Closed Lala-chick closed 7 months ago

Lala-chick commented 10 months ago

안녕하세요. 모델 공유 해주신것에 대해 감사합니다. 제가 prompt에 따라 image의 어떤 부분에 attention이 걸리는지 visualization을 해보고싶은데 공유해주신 모델에서는 어떤 방식으로 하면 visualization이 가능할까요??

suehyunpark commented 7 months ago

안녕하세요 @Lala-chick님, 질문 감사합니다 :) 저희가 이전에 Volcano라는 연구에서 LLaVA 기반 모델이 답변을 생성할 때 image의 어떤 부분에 얼마나 attend하는지를 시각화하였습니다. 자세한 설명과 사용된 코드는 Volcano 코드 베이스의 llava/visualize 폴더 안에 있으니 확인해보시면 도움될 것 같습니다. 많은 유저들이 볼 수 있도록 아래에서 영어로 답변을 이어나가겠습니다.

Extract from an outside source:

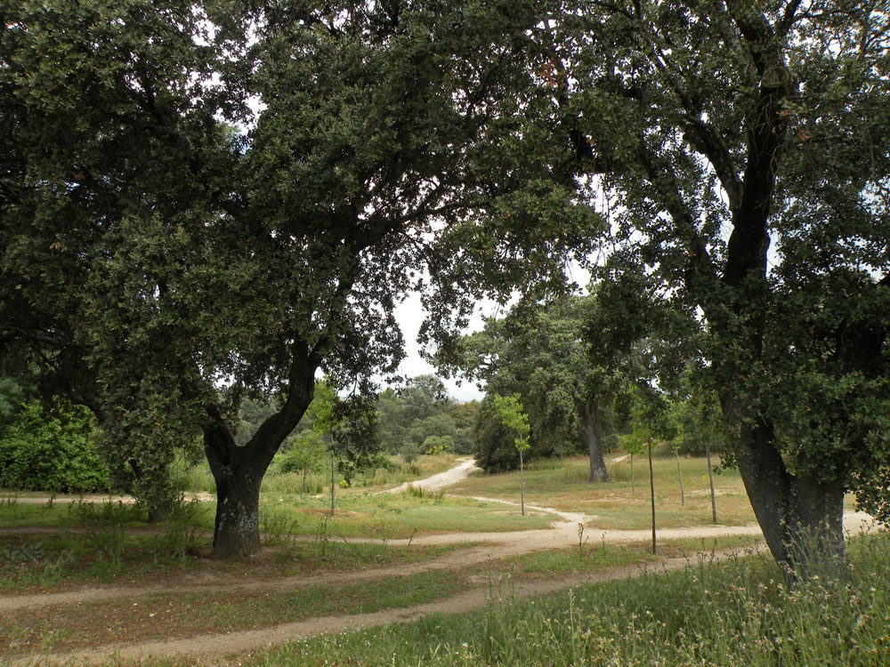 Para los nostálgicos tenemos también un recorrido histórico, la antigua Senda Real, que comienza en Principe Pío, por tanto para cogerlo desde Madrid Río simplemente deberemos cruzar por el Puente del Rey. Su origen data del año 1405 cuando Enrique III de Castilla decidió construir un camino desde el Alcazar hasta su casa Real de El Pardo. Hoy la senda continúa hasta hasta Manzanares el Real aunque ya es un gran logro si llegamos a los bosque de El Pardo porque a parte de un tramo pedregoso con socavones supongo originados por alguna tormenta a su paso por la Ciudad Universitaria, pasado el club de hípica se convierte en una senda muy estrecha cubierta de vegetación en la que hay que estar muy atento a las marcas rojiblancas de los árboles para no desviarse. Estas marcas son las propias de los grandes recorridos europeos, este en concreto es el GR-124.

Hello, thanks for your interest in Prometheus-Vision! We hope we weren't too late to address your needs :)

I see that you're interested in the possibility of visualizing response-to-image attention using our model.

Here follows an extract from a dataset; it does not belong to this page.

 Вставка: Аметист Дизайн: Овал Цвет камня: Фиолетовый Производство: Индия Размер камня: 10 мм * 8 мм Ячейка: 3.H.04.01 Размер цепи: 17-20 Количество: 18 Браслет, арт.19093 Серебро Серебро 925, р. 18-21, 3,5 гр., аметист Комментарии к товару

We would like to note that the exact method was introduced in our work called Volcano (another work done by @sylee0520 and I)! Recently, we have released dedicated instructions for visualizing how much the model attends to image features during generation. The resulting heatmaps can show which parts of the image are highlighted. Below is the figure from our Volcano paper, using the exact implementation in our codebase.

image

Since both Volcano and Prometheus-Vision are based on LLaVA, we think the code in the Volcano repository would be a good starting point. The particular code for gathering image features and image feature attention (masks) are in llava/model/llava_arch_for_image_attention.py. The main code for processing attentions for visualization are in llava/visualize/run_volcano_with_image_attention.py, /llava/visualize/image_attention_heatmap.py, and /llava/visualize/text_attention_heatmap.py.

Hope this could help! If you have any questions about the visualization method, feel free to ask me (@suehyunpark).

suehyunpark commented 7 months ago

@Lala-chick 님, 답변이 되었기를 바라며 추가로 궁금한 점 있으시면 문의주세요!